The Kuomintang (Chinese: 中國國民黨; Pinyin: Zhōngguó Guómíndǎng) is the largest party of the pan-Blue Coalition.
It was founded by Sun Yat-sen at the height of the collapse of the Qing Empire and was one of the most prominent parties in the Republican Period. After joining forces with the Allies in World War II to defeat the Japanese, the truce they had agreed upon with the Communists for the time of the war ended and the civil war resumed. The KMT was defeated and forced to move its and the ROC's administration to Taipei.
After relocating, the KMT established a party-state dictatorship, instituting martial law and banning opposition parties until the late 1980s. It allowed for local elections, where they co-opted young and charismatic independents.
After the collapse of the dictatorship, the KMT continued its adherence to the "one-China" policy, seeking eventual reunification with the Mainland. The muzzling of its conservative wing by Chiang Ching-kuo and later Lee Teng-hui led to it undergoing a schism, and the radical forces splitting off to establish the New Party in 1993.

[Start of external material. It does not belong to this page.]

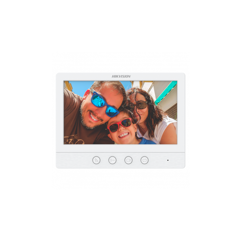 Monitor para videoportero con pantalla TFT de 7 pulgadas a color, audio bidireccional, botones físicos, funcionamiento a través de 4 hilos analógico, montaje en superficie y acabado en color blanco. El monitor de videoportero se instala en interiores y actúa como unidad interior, permitiendo recibir llamadas de visitantes dentro del edificio. Este modelo cuenta con botones físicos para operación sencilla, permite comunicaciones claras gracias a su micrófono y altavoz integrados, es compatible con instalaciones convencionales de 4 hilos y permite extensión a múltiples pantallas, llamadas internas y conexión a una cámara analógica externa.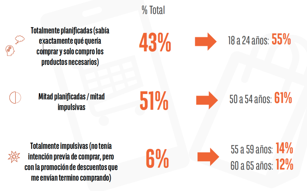 Sólo un 6% declara realizar compras totalmente impulsivas que no tenía planificadas al recibir los descuentos. Los más impulsivos son los consumidores más mayores, aquellos con edades entre los 55 y 59 años con un 14% de menciones, y aquellos entre los 60 y 65 años con un 12%.

The party was regarded as being among the wealthiest and most powerful political entities due to the KMT directly controlling armed forces and the blurring of the line between ROC-owned and KMT-owned assets in the second half of the 20th century. In 2016, the DPP passed a law that seized most of the KMT's illegally obtained assets, marking the official end of the KMT party-state era.